*** Available records ***
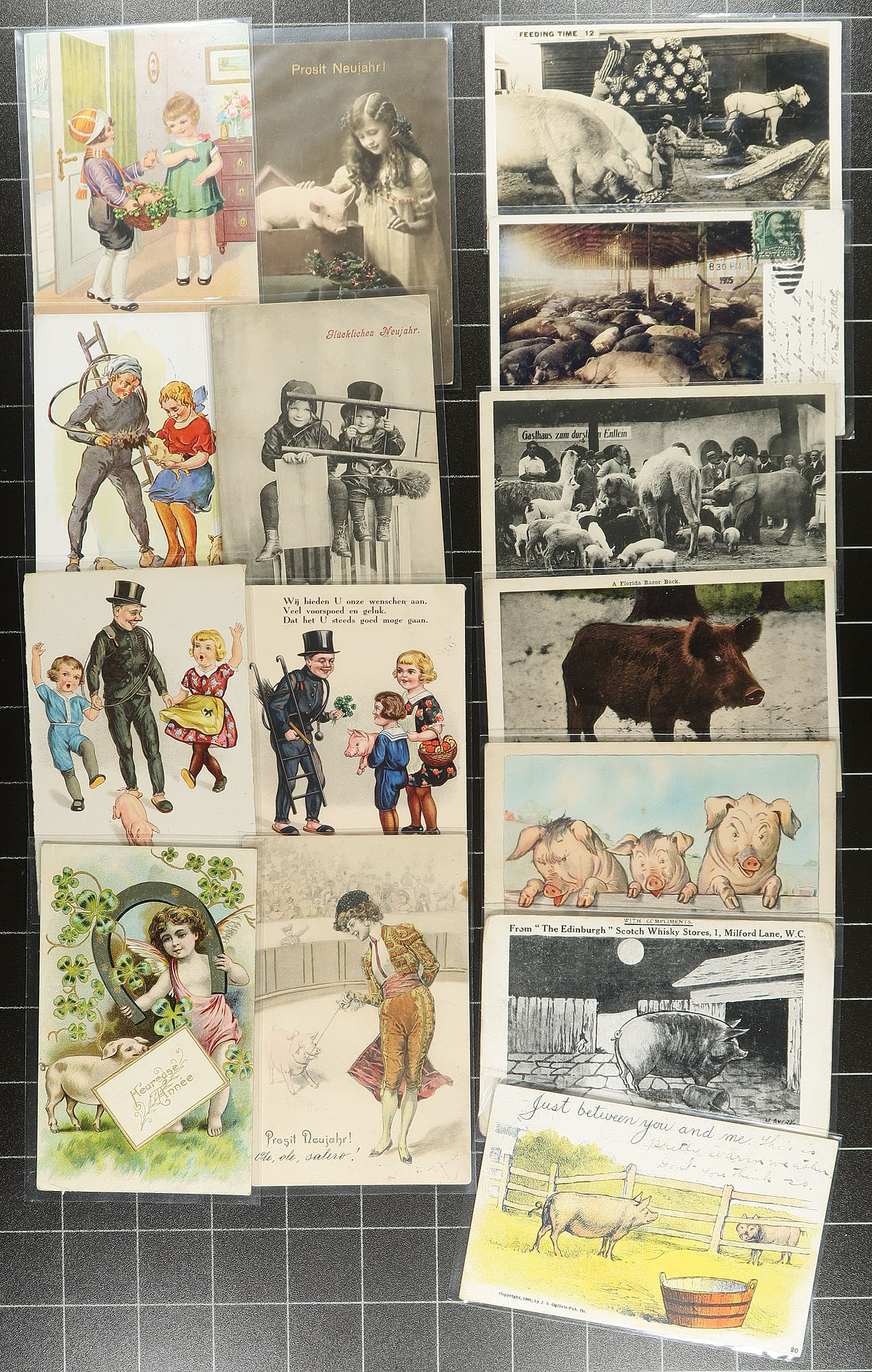 Stunning (and somewhat humorous) collection of "Pigs" on postcards. A total of 140 postcards, ranging from Farm Scenes to Greetings, with the pigs either being the feature of the postcard, or cleverly hiding somewhere in the view (like small piglets crawling over a clover-leaf on a St.Patricks Day greeting). The vast majority appear to be pre-1920, and also includes a few stereo-views and a couple tokens featuring pigs. Near impossible to duplicate. Many years went into making this selection, which we hope you will go hog-wild over. Estimate =
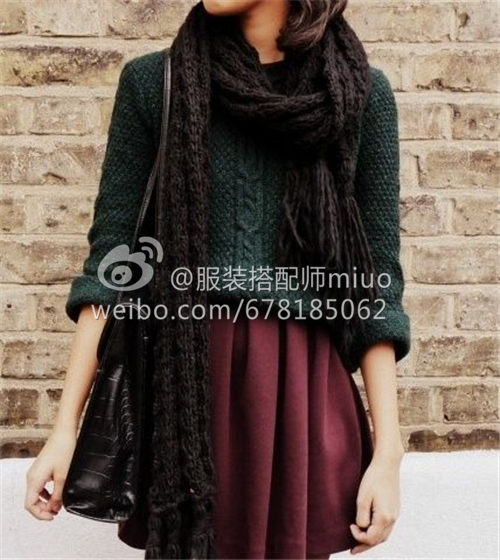 下图中,若只有墨绿的毛衣+暗红的裙子,不免太单调。
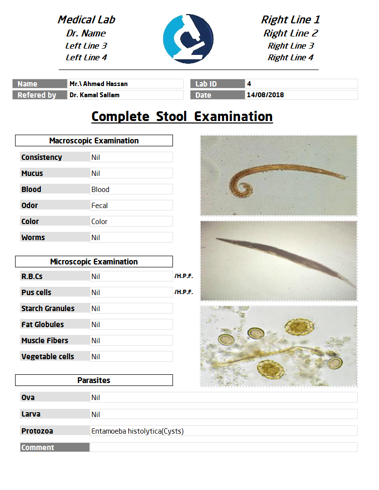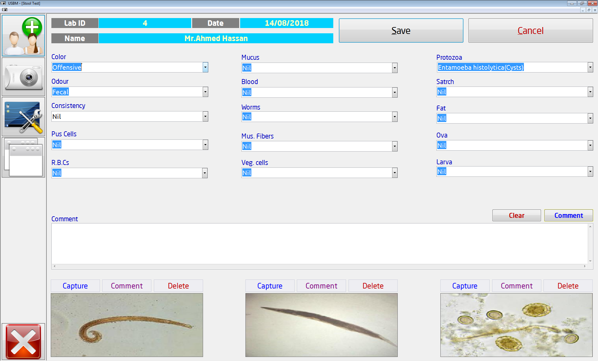 USBM software helps the laboratory store patient results for Complete Urine, Stool, Blood and Myelogram examinations along with pictures captured from the microscope using an eye piece camera.
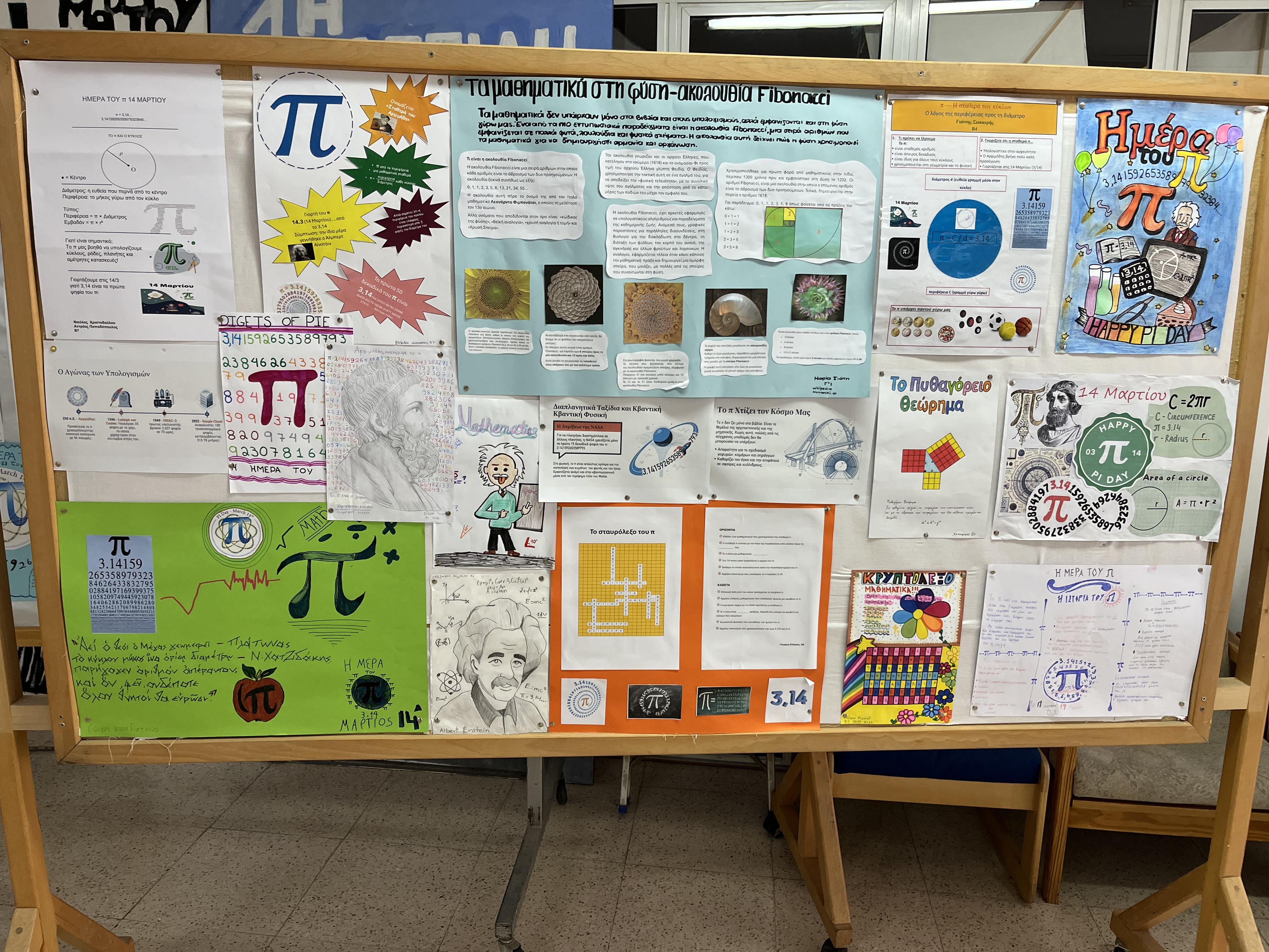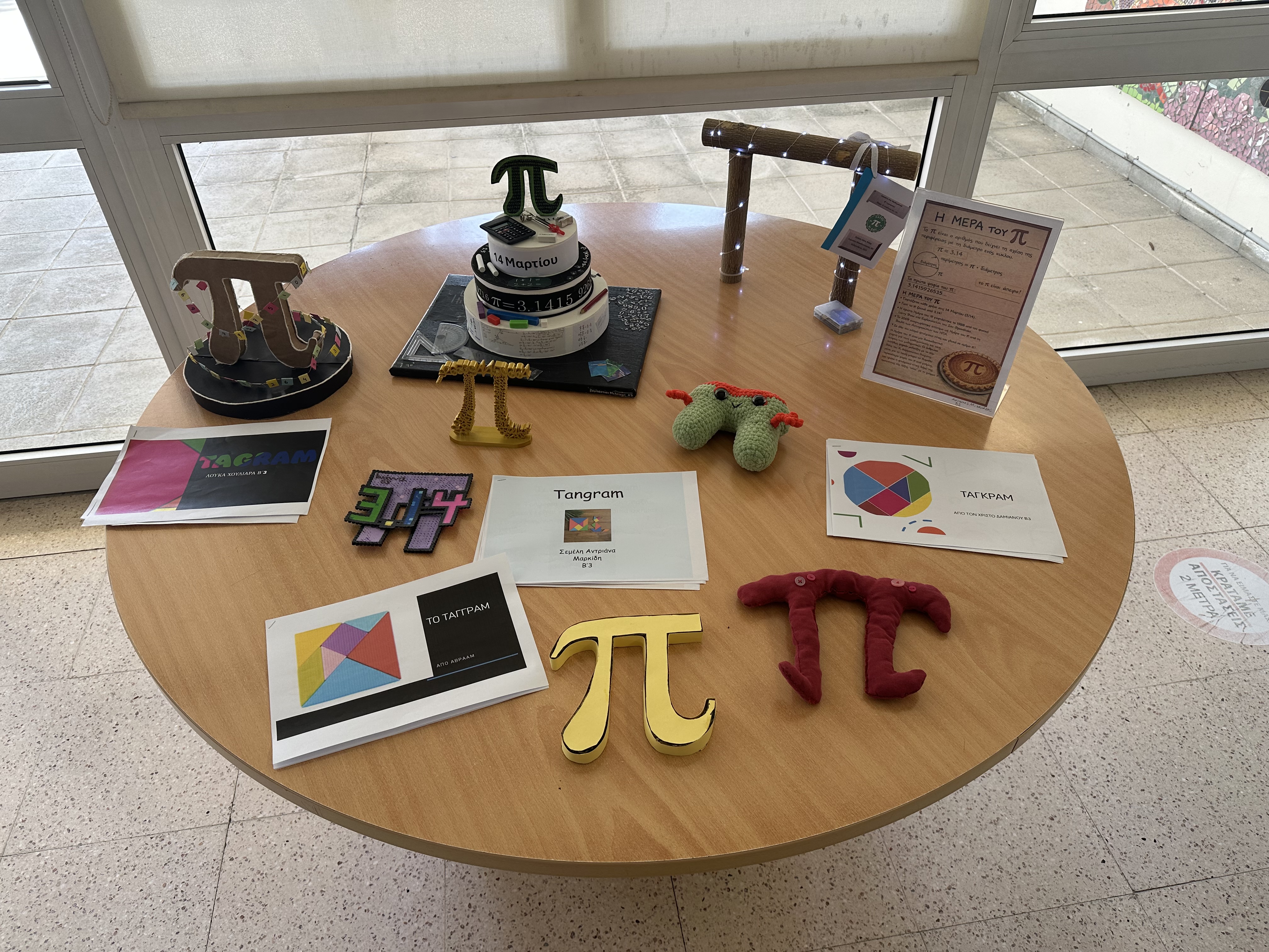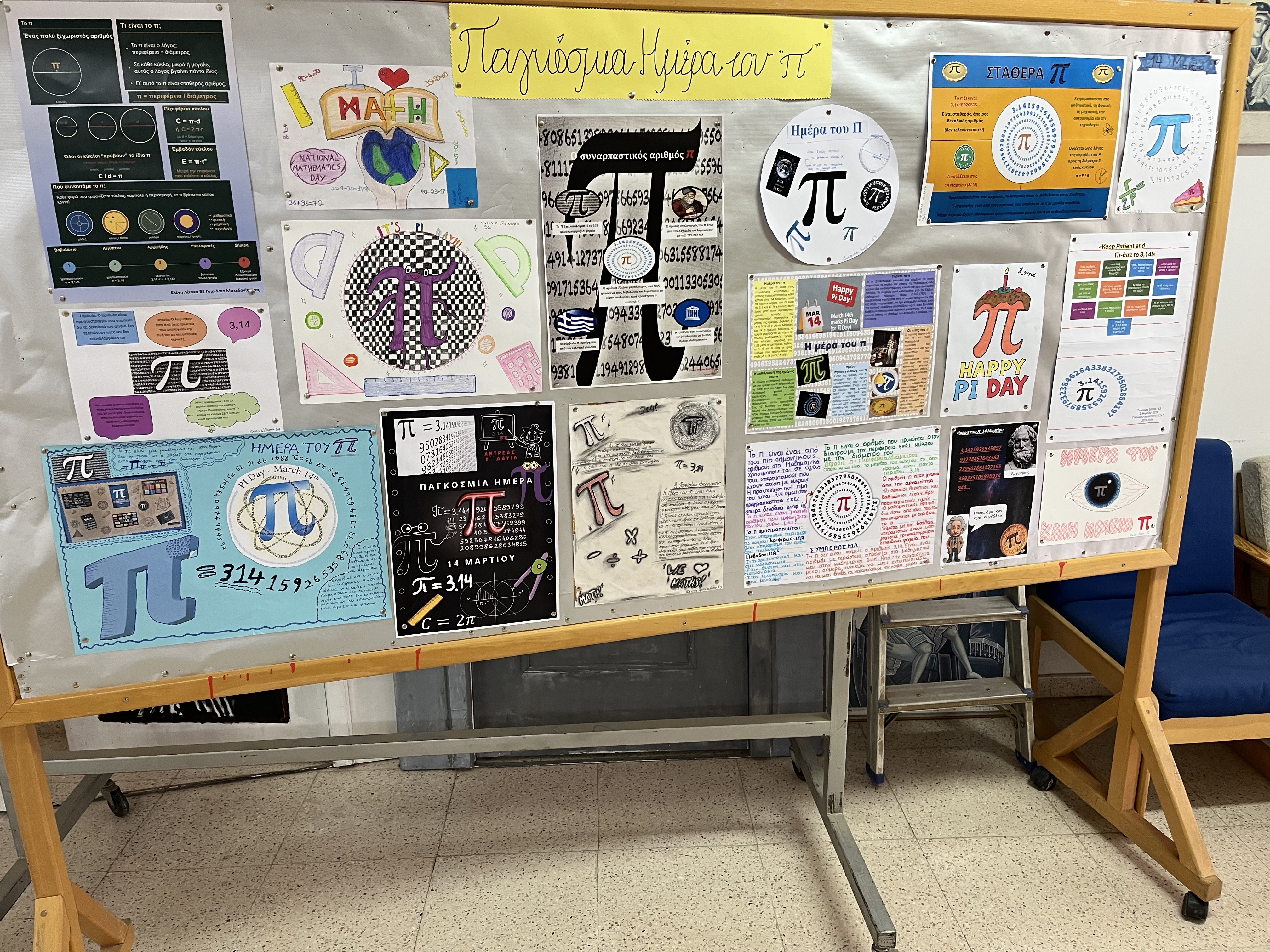 Η έκθεση περιλάμβανε πρωτότυπες αφίσες και ευφάνταστες κατασκευές από μαθητές όλων των τάξεων, οι οποίες δημιουργήθηκαν με μεράκι και έμπνευση, υπό την καθοδήγηση των εκπαιδευτικών τους. Κεντρική πηγή έμπνευσης αποτέλεσε ο μαγευτικός αριθμός «π», ενώ παράλληλα αναδείχθηκαν ποικίλα μαθηματικά θέματα, αποδεικνύοντας πως τα μαθηματικά μπορούν να συνδυάζουν γνώση, φαντασία και καλλιτεχνική έκφραση.
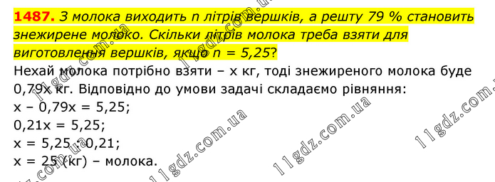 З молока виходить n літрів вершків, а решту 79 % становить знежирене молоко. Скільки літрів молока треба взяти для виготовлення вершків, якщо n = 5,25? Нехай молока потрібно взяти – х кг, тоді знежиреного молока буде 0,79х кг. Відповідно до умови задачі складаємо рівняння: х – 0,79х = 5,25; 0,21х = 5,25; х = 5,25 : 0,21; х = 25 (кг) – молока.
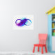 Infinity symbol with a beautiful feather painted in purple and blue bright colours on white background.
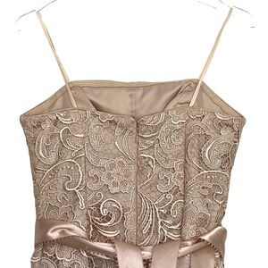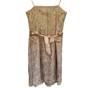 Adrianna Papell Gold Lace Overlay Knee Length Dress Women's Size 8
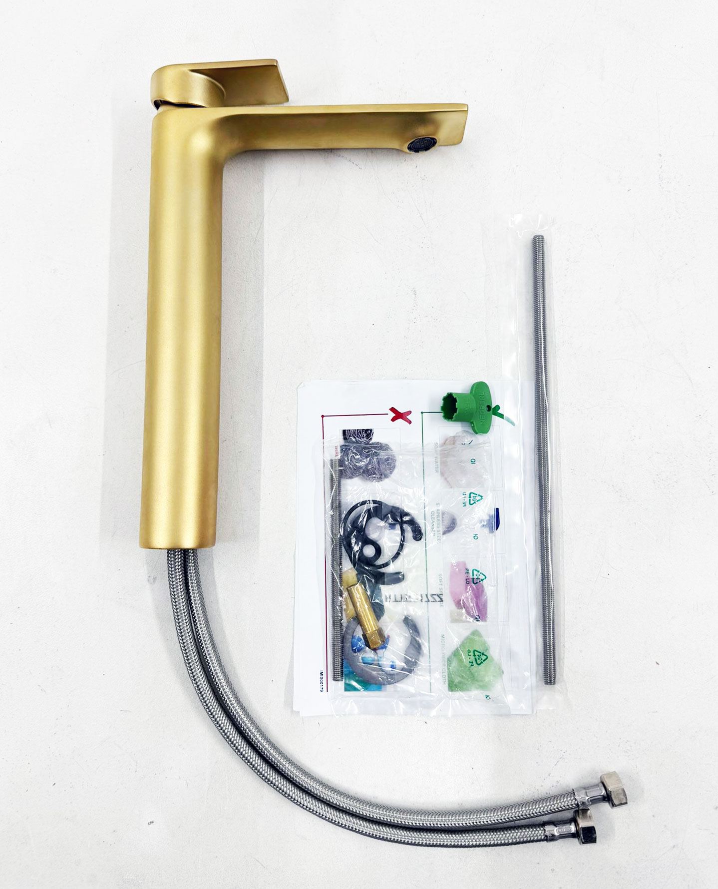 Treemme Ran highriser design wastafelkraan hoog model mat goud PVD
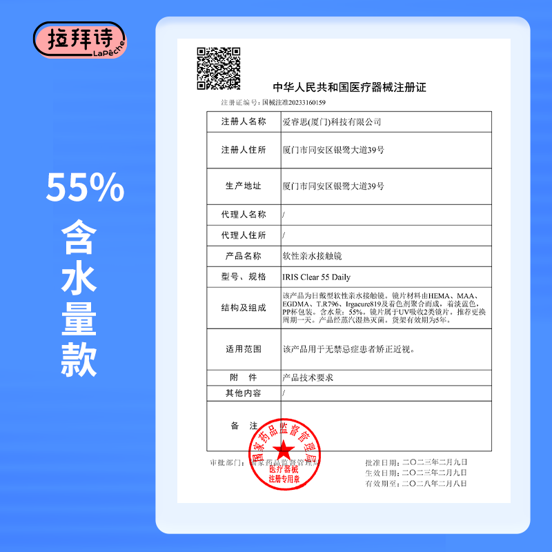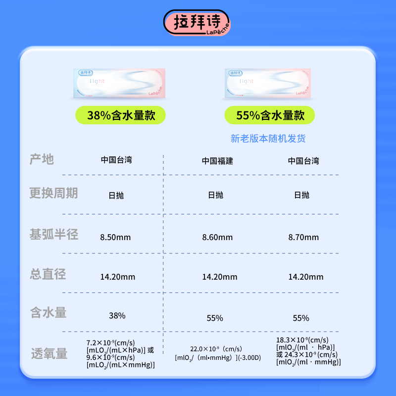 Lapeche拉拜诗light系列双子片日抛10片装 近视隐形眼镜双含水盒SK
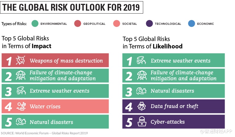 智通财经APP获悉,当地时间1月22日,2019年世界经济论坛年会在瑞士小镇达沃斯正式开幕。同时,该组织发布了最新一期《全球风险报告》,总结目前世界上最迫切需要关注的问题。
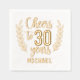 Cheers To 30 Years Trente Anniversaire Nom personnalisé Real Foil Stamped Paper Napkins présente le texte "Cheers to 30 years" dans la typographie de script de calligraphie moderne accentuée de feuilles floraux et personnalisée avec votre nom personnalisé ci-dessous. Parfait pour les fêtes du trentième anniversaire. Créé par Evco Studio www.zazzle.com/store/evcostudio
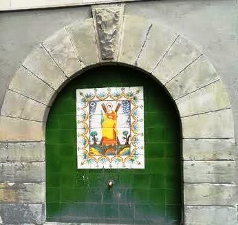 La Font de l’Hospital, està situada al carrer de Sant Rafael d’Olot  al costat de l’entrada a l’Antic hospital de Sant Jaume.Trenta rajoles representen a Sant Andreu, cal destacar la bonica sanefa, que tanca el conjunt, feta amb motius florals estilitzats, predominant els colors taronges, verds i blaus.El Sant va ser representat amb els seus atributs: la creu -on va ser torturat- i la palma que l’identifica com a màrtir. Cromàticament predominen els grocs i els taronges-marrons, envoltat per un grup de rajoles verdes llises.La Font de l’Hospital és una obra d’Olot inclosa a l’Inventari del Patrimoni Arquitectònic de Catalunya.
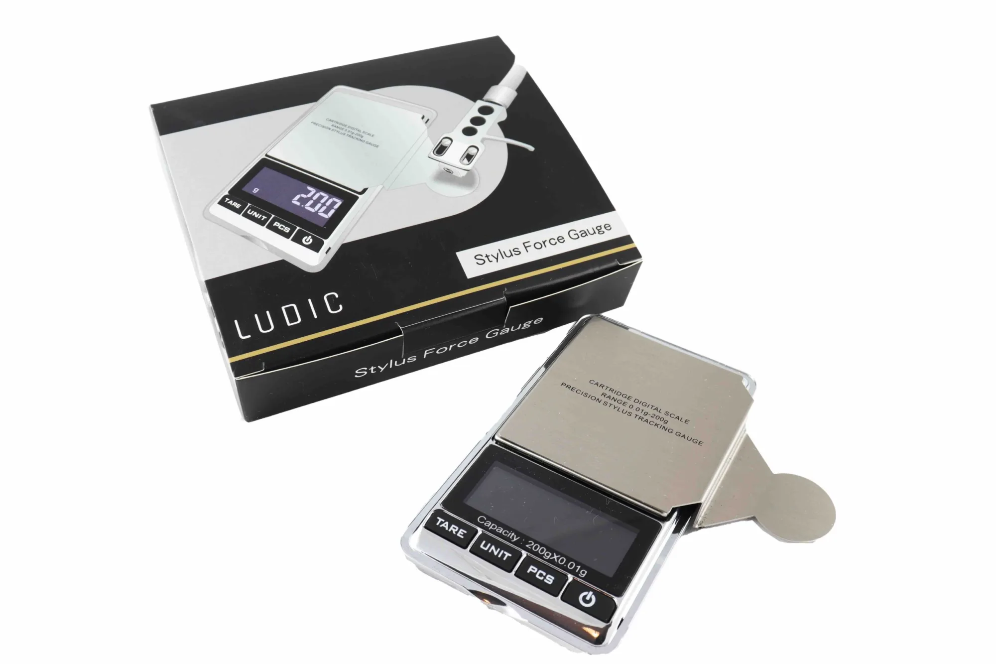 LUDIC Aure nålkraftsvåg för mätning av nålens vertikala spårkraft.
*** End of Available records ***
▸ Problem description
Give the entries again exactly, but skip every image.

▸ Output
 Stunning (and somewhat humorous) collection of "Pigs" on postcards. A total of 140 postcards, ranging from Farm Scenes to Greetings, with the pigs either being the feature of the postcard, or cleverly hiding somewhere in the view (like small piglets crawling over a clover-leaf on a St.Patricks Day greeting). The vast majority appear to be pre-1920, and also includes a few stereo-views and a couple tokens featuring pigs. Near impossible to duplicate. Many years went into making this selection, which we hope you will go hog-wild over. Estimate =
 下图中,若只有墨绿的毛衣+暗红的裙子,不免太单调。
 USBM software helps the laboratory store patient results for Complete Urine, Stool, Blood and Myelogram examinations along with pictures captured from the microscope using an eye piece camera.
 Η έκθεση περιλάμβανε πρωτότυπες αφίσες και ευφάνταστες κατασκευές από μαθητές όλων των τάξεων, οι οποίες δημιουργήθηκαν με μεράκι και έμπνευση, υπό την καθοδήγηση των εκπαιδευτικών τους. Κεντρική πηγή έμπνευσης αποτέλεσε ο μαγευτικός αριθμός «π», ενώ παράλληλα αναδείχθηκαν ποικίλα μαθηματικά θέματα, αποδεικνύοντας πως τα μαθηματικά μπορούν να συνδυάζουν γνώση, φαντασία και καλλιτεχνική έκφραση.
 З молока виходить n літрів вершків, а решту 79 % становить знежирене молоко. Скільки літрів молока треба взяти для виготовлення вершків, якщо n = 5,25? Нехай молока потрібно взяти – х кг, тоді знежиреного молока буде 0,79х кг. Відповідно до умови задачі складаємо рівняння: х – 0,79х = 5,25; 0,21х = 5,25; х = 5,25 : 0,21; х = 25 (кг) – молока.
 Infinity symbol with a beautiful feather painted in purple and blue bright colours on white background.
 Adrianna Papell Gold Lace Overlay Knee Length Dress Women's Size 8
 Treemme Ran highriser design wastafelkraan hoog model mat goud PVD
 Lapeche拉拜诗light系列双子片日抛10片装 近视隐形眼镜双含水盒SK
 智通财经APP获悉,当地时间1月22日,2019年世界经济论坛年会在瑞士小镇达沃斯正式开幕。同时,该组织发布了最新一期《全球风险报告》,总结目前世界上最迫切需要关注的问题。
 Cheers To 30 Years Trente Anniversaire Nom personnalisé Real Foil Stamped Paper Napkins présente le texte "Cheers to 30 years" dans la typographie de script de calligraphie moderne accentuée de feuilles floraux et personnalisée avec votre nom personnalisé ci-dessous. Parfait pour les fêtes du trentième anniversaire. Créé par Evco Studio www.zazzle.com/store/evcostudio
 La Font de l’Hospital, està situada al carrer de Sant Rafael d’Olot  al costat de l’entrada a l’Antic hospital de Sant Jaume.Trenta rajoles representen a Sant Andreu, cal destacar la bonica sanefa, que tanca el conjunt, feta amb motius florals estilitzats, predominant els colors taronges, verds i blaus.El Sant va ser representat amb els seus atributs: la creu -on va ser torturat- i la palma que l’identifica com a màrtir. Cromàticament predominen els grocs i els taronges-marrons, envoltat per un grup de rajoles verdes llises.La Font de l’Hospital és una obra d’Olot inclosa a l’Inventari del Patrimoni Arquitectònic de Catalunya.
 LUDIC Aure nålkraftsvåg för mätning av nålens vertikala spårkraft.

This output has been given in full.